(Data records)
◆ ◆ ◆ ◆
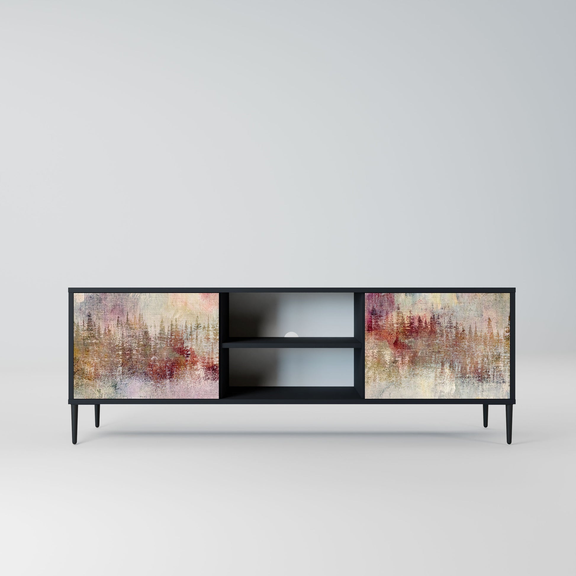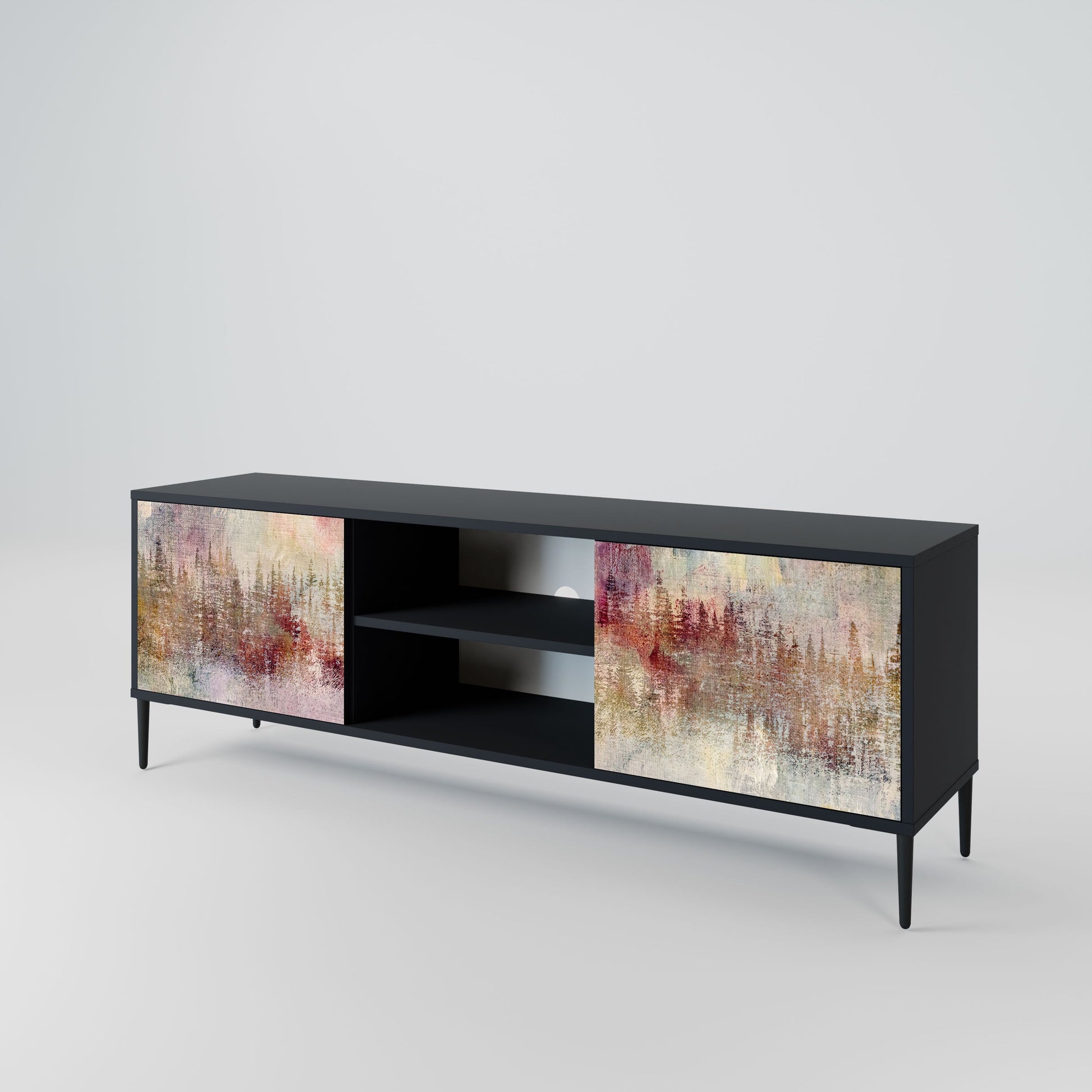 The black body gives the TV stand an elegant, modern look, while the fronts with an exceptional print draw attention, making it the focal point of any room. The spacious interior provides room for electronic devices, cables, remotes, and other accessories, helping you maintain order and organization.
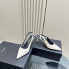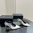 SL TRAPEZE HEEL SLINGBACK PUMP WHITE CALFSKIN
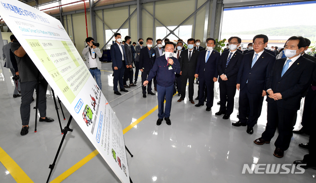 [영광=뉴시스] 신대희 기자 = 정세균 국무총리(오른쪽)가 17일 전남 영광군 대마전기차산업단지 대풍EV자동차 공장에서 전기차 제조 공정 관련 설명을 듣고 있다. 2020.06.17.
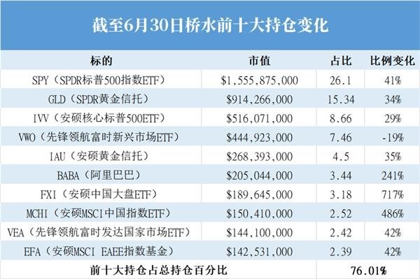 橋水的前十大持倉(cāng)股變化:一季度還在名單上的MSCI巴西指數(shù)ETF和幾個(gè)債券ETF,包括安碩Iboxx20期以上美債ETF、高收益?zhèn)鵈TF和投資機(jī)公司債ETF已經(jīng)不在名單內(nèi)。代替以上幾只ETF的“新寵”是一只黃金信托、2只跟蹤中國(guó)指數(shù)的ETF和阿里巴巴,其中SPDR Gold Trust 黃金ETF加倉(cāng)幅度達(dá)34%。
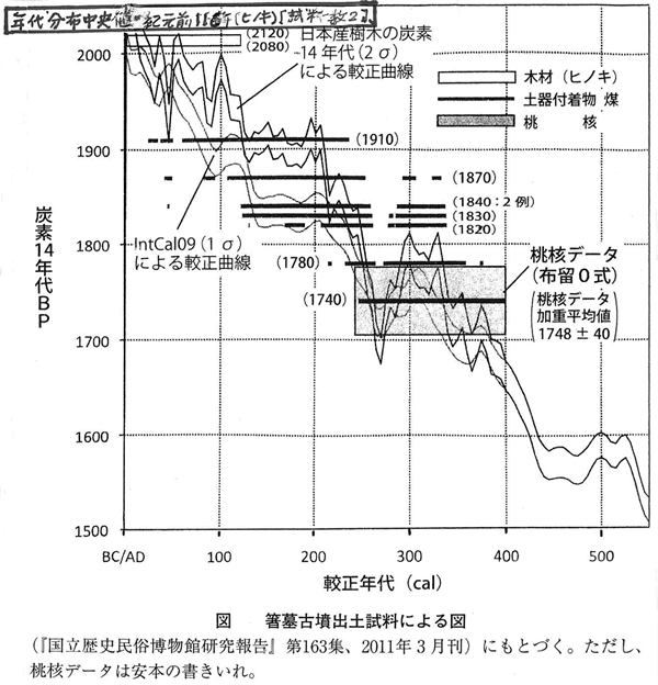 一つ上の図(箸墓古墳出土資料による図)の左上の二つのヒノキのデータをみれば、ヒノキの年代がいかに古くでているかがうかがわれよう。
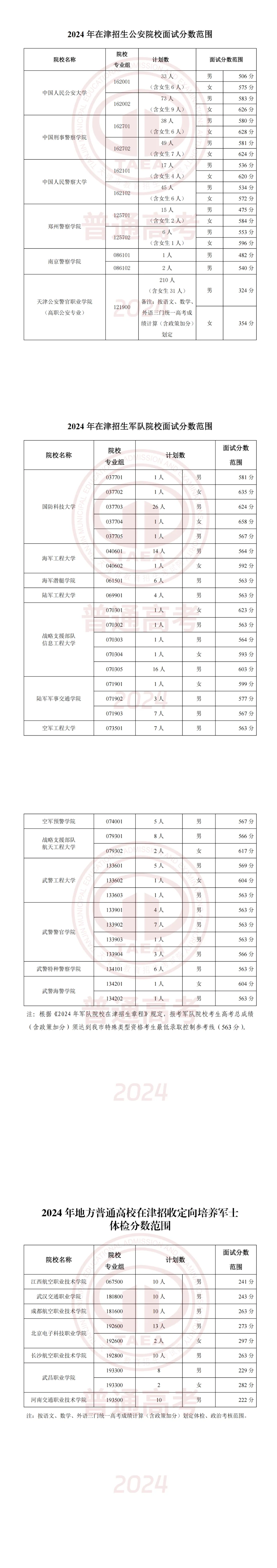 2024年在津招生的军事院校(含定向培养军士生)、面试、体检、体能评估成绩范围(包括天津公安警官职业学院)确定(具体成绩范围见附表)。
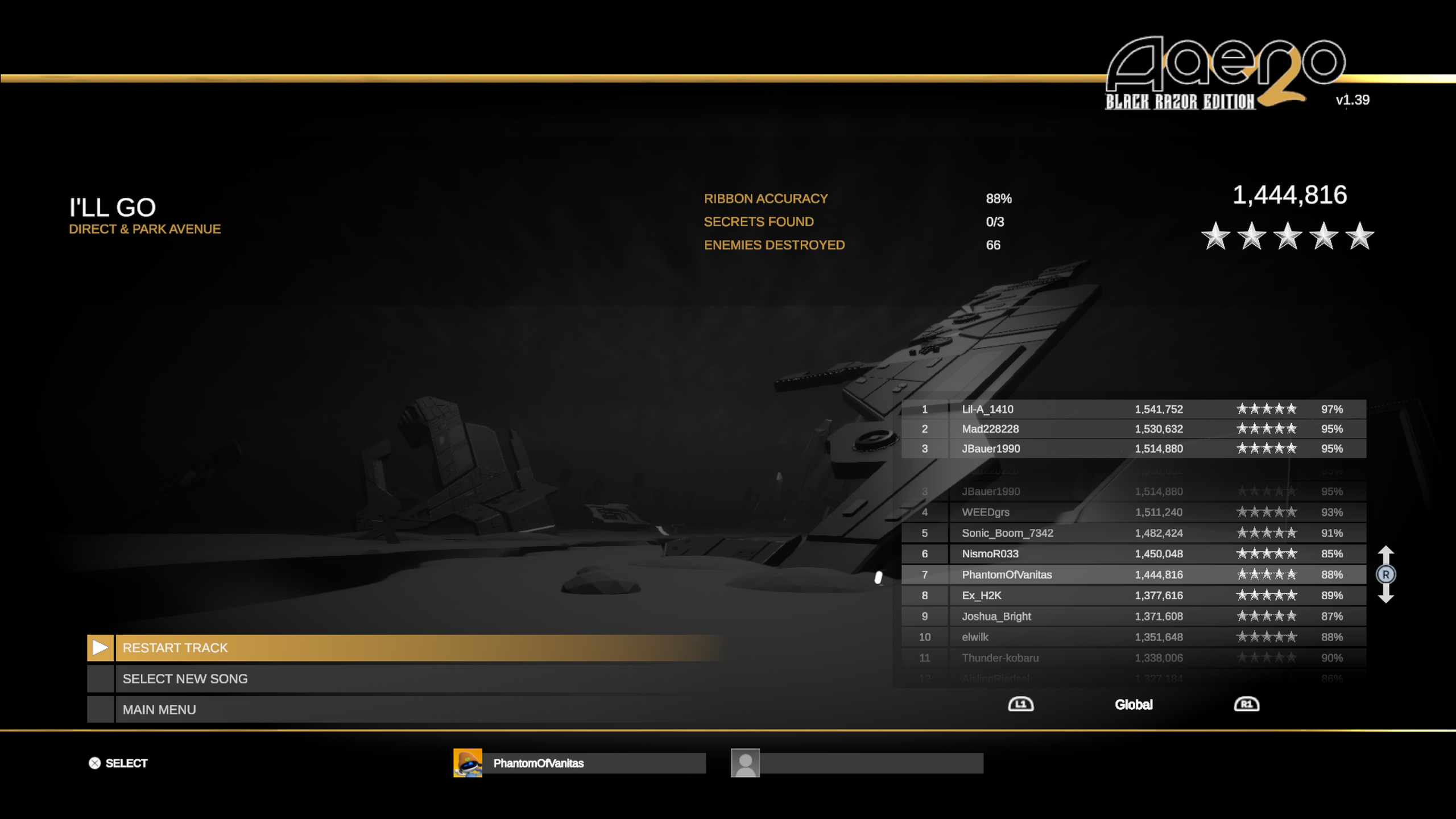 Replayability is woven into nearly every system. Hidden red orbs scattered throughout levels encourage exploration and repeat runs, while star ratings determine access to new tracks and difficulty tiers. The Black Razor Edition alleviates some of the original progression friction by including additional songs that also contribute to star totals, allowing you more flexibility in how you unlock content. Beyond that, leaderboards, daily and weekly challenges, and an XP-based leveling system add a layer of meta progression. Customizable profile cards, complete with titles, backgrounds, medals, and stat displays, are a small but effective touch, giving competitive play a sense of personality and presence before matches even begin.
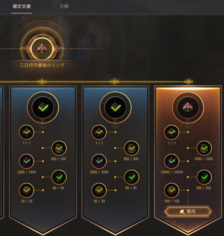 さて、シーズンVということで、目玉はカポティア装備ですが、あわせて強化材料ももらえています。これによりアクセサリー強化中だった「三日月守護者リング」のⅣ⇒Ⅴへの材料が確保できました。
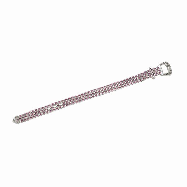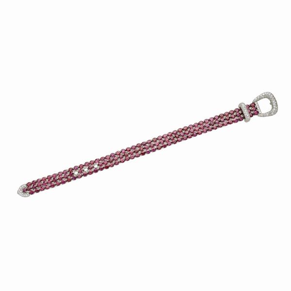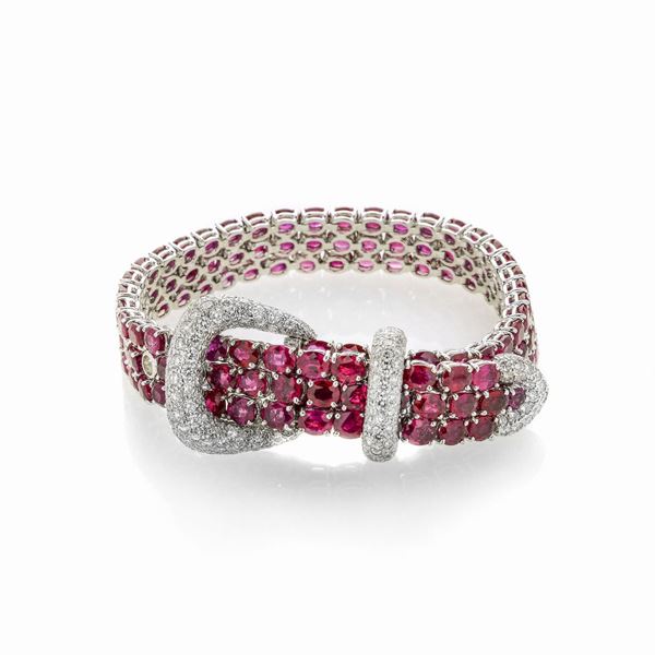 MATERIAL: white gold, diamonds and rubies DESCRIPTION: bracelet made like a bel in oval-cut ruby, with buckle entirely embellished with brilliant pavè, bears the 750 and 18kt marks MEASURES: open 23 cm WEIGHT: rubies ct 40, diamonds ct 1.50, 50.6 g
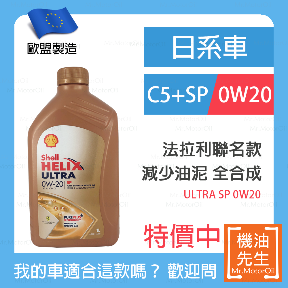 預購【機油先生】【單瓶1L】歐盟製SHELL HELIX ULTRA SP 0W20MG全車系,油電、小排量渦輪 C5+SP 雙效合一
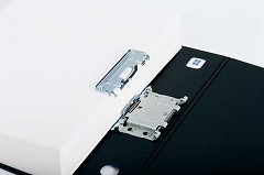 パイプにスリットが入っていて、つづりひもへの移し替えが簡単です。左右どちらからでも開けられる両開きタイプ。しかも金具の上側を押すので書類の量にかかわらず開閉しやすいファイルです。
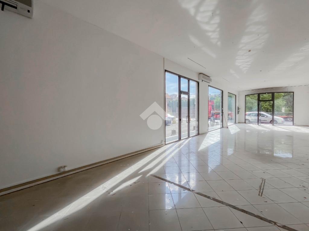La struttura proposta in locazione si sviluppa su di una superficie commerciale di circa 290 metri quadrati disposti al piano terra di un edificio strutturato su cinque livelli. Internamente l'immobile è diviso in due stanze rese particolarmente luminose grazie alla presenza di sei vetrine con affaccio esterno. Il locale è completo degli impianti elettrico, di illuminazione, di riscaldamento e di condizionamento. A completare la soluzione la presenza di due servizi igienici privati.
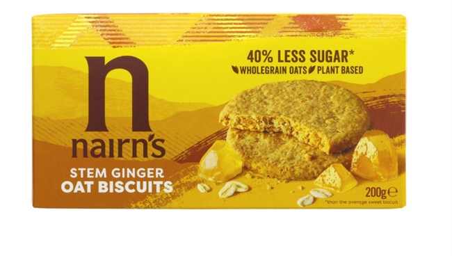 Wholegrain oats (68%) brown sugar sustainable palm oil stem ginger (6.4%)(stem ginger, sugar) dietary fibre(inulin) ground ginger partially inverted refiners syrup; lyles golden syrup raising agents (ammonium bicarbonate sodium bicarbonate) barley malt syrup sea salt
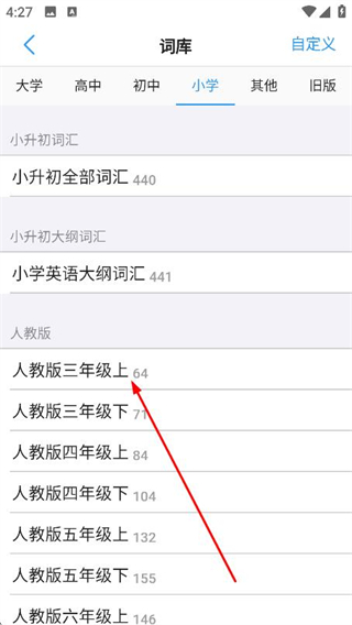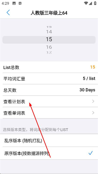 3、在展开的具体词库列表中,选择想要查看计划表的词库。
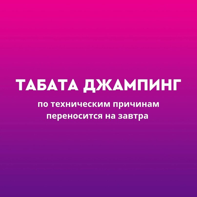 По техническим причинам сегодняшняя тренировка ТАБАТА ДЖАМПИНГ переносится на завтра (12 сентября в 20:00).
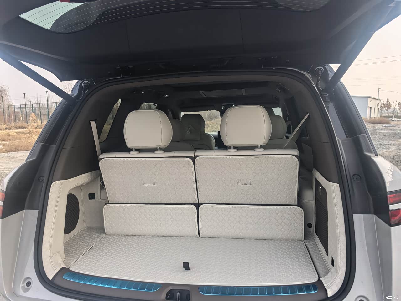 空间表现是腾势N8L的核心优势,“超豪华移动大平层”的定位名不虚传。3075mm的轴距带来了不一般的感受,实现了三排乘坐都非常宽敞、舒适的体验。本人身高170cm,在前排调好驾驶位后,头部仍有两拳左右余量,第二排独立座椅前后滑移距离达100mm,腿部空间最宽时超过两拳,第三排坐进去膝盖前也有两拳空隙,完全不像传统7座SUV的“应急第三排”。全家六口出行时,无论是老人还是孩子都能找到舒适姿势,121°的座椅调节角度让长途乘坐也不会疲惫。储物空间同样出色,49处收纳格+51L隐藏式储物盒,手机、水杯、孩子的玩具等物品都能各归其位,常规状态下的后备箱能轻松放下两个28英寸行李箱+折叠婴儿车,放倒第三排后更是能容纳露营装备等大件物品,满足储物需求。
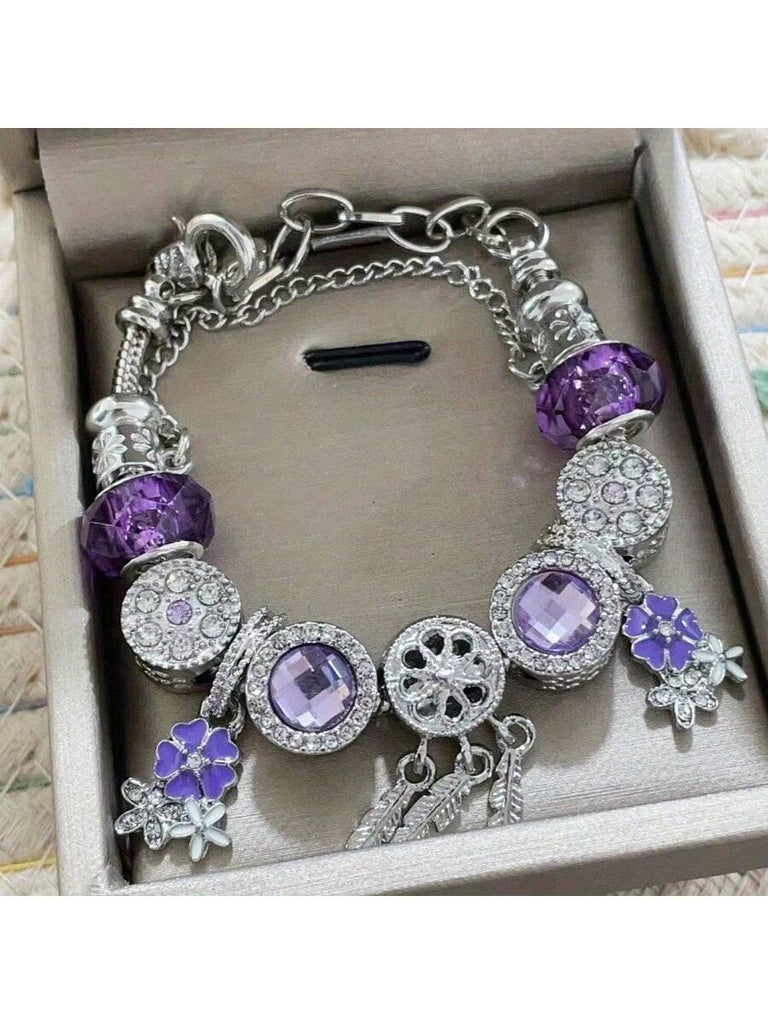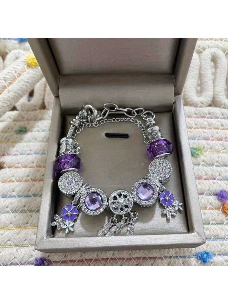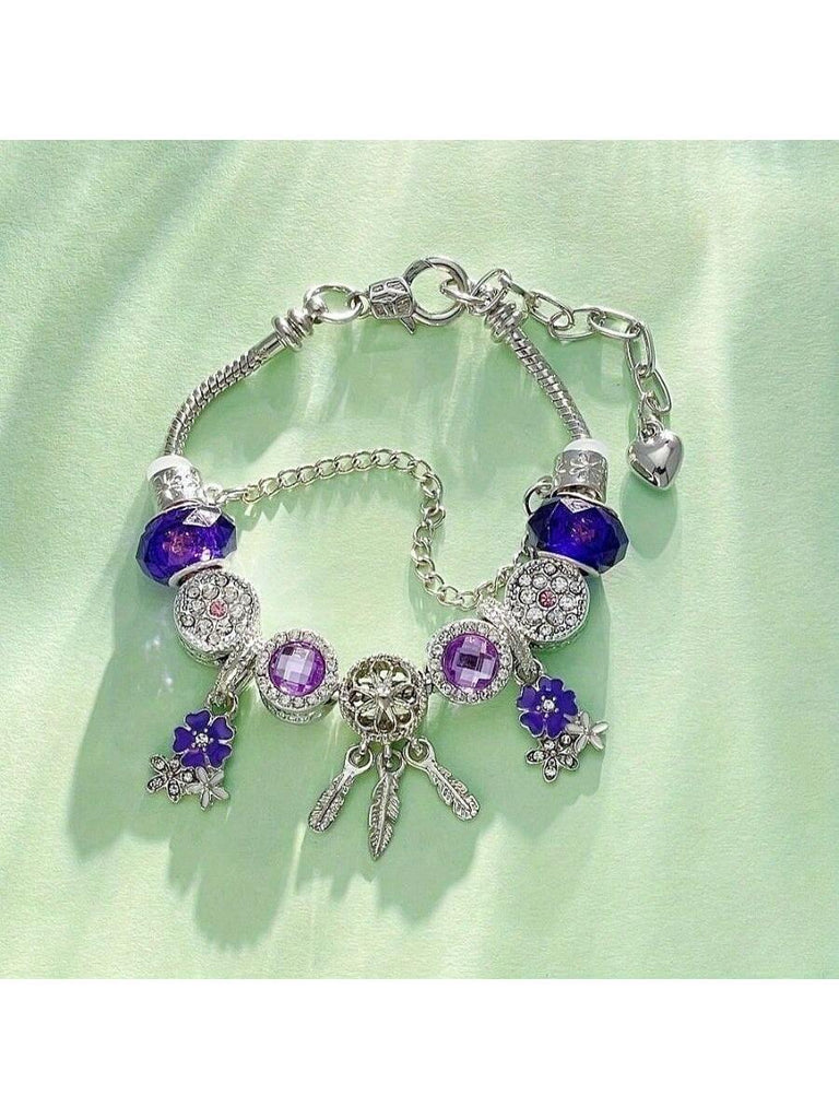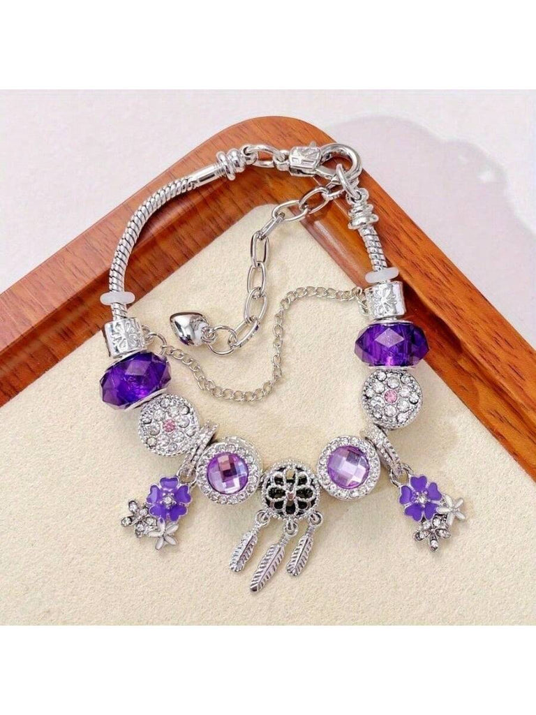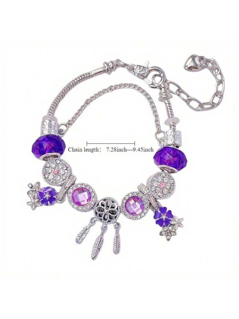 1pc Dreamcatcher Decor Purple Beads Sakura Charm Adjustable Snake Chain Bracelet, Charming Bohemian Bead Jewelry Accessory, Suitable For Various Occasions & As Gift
◆ ◆ ◆ ◆
• **Required work**
What is needed is a word-for-word restatement of the lines from the one holding "3、在展开的具体词库列表中,选择想要查看计划表的词库。" to the final line of the data above, inclusive, without any pictures.

• **Exercise output**
 3、在展开的具体词库列表中,选择想要查看计划表的词库。
 По техническим причинам сегодняшняя тренировка ТАБАТА ДЖАМПИНГ переносится на завтра (12 сентября в 20:00).
 空间表现是腾势N8L的核心优势,“超豪华移动大平层”的定位名不虚传。3075mm的轴距带来了不一般的感受,实现了三排乘坐都非常宽敞、舒适的体验。本人身高170cm,在前排调好驾驶位后,头部仍有两拳左右余量,第二排独立座椅前后滑移距离达100mm,腿部空间最宽时超过两拳,第三排坐进去膝盖前也有两拳空隙,完全不像传统7座SUV的“应急第三排”。全家六口出行时,无论是老人还是孩子都能找到舒适姿势,121°的座椅调节角度让长途乘坐也不会疲惫。储物空间同样出色,49处收纳格+51L隐藏式储物盒,手机、水杯、孩子的玩具等物品都能各归其位,常规状态下的后备箱能轻松放下两个28英寸行李箱+折叠婴儿车,放倒第三排后更是能容纳露营装备等大件物品,满足储物需求。
 1pc Dreamcatcher Decor Purple Beads Sakura Charm Adjustable Snake Chain Bracelet, Charming Bohemian Bead Jewelry Accessory, Suitable For Various Occasions & As Gift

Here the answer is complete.